2º Momento - jogadores/equipa no regresso aos treinos

Este será sem dúvida um momento que deveremos ter algumas precauções, quer pelo nível de exigência no regresso e na proximidade em voltar a competir, por um lado, e o pouco tempo de preparação, por outro (sem esquecer os aspectos de natureza cognitiva e psico-emocional de ter ultrapassado toda uma situação totalmente nova e forte emocionalmente).

Aqui, é aconselhável ter muito cuidado com a integração dos jogadores e o seu regresso nos primeiros dias de novo ao “treino colectivo”, em particular na relação entre a chamada carga aguda vs. crónica. É portanto muito importante que exista prudência e que o regresso à periodização semanal (microciclo padrão) se faça de um modo gradual.

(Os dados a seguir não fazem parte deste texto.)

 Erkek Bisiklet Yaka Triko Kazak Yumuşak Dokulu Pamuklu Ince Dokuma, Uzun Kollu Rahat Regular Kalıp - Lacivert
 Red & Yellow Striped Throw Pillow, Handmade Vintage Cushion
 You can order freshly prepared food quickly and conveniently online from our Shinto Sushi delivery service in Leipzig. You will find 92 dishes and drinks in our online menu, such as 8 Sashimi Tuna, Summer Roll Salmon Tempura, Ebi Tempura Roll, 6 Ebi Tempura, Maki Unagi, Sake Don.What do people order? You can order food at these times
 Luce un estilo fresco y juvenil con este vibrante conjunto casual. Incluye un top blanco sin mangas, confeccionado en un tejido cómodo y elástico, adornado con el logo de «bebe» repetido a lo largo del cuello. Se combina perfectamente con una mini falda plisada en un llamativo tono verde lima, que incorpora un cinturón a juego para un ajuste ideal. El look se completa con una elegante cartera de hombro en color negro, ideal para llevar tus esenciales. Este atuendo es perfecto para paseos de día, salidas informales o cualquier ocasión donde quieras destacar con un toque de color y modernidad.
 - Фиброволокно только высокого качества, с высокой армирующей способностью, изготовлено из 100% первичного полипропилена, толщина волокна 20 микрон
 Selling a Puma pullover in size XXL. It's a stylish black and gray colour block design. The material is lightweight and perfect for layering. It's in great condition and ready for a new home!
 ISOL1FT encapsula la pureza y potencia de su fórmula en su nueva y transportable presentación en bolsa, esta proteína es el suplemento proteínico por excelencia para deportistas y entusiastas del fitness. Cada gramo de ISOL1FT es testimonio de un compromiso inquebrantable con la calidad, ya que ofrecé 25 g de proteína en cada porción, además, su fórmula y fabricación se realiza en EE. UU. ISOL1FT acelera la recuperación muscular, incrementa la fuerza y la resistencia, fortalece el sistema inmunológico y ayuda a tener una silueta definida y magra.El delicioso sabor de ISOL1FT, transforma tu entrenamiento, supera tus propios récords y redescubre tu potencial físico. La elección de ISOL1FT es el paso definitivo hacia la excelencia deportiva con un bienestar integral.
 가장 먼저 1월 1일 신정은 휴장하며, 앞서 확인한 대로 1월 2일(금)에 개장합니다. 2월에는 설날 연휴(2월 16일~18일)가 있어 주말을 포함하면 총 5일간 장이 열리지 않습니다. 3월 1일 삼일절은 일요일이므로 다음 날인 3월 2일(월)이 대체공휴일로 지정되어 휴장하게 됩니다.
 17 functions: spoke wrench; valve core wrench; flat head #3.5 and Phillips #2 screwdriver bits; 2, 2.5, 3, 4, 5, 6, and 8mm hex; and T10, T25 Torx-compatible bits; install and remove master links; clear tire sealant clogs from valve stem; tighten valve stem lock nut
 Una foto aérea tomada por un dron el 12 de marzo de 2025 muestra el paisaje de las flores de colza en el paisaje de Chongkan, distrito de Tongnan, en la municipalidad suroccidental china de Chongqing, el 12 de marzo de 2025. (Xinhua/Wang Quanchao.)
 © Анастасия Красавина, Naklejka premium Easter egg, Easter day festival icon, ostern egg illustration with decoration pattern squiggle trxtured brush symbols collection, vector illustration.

Já a monitorização do processo de treino, de carácter individual e colectivo deve ser analisada de uma forma cuidada e profunda.

3º Momento - regresso à competição

Neste momento achamos aconselhável uma análise e gestão individual dos jogadores e acima de tudo valorizar em grande maneira os processos de recuperação da equipa.

De seguida apresentamos no quadro 2 as principais diferenças que entendemos que existem entre um plano de férias e um plano em isolamento.

Quadro 2. Principais diferenças entre um plano de férias e um plano em isolamento

Quadro 2. Principais diferenças entre um plano de férias e um plano em isolamento

Muitas serão as dúvidas se as nossas competições futebolísticas regressarão ainda durante esta época, se regressam após o pico da epidemia, após o restabelecimento da “normalidade”, se regressam na próxima época, em que formato, em que sistema para a obtenção do título de campeão... Ou outros: com que ritmo e sincronização regressarão e se voltaremos a ser os mesmos ou repensaremos também a nossa própria visão do mundo.

Mas uma coisa é certa, como já dizia Arrigo Sacchi em 1994: “O futebol é só a coisa mais importante entre as coisas menos importantes das nossas vidas”. E agora é inequivocamente muito pouco importante, quando estamos em guerra, contra um adversário poderoso, desconhecido, com muitas variantes e mutações. Agora é tempo de, em equipa, o derrotarmos - e só depois podermos pensar na próxima competição.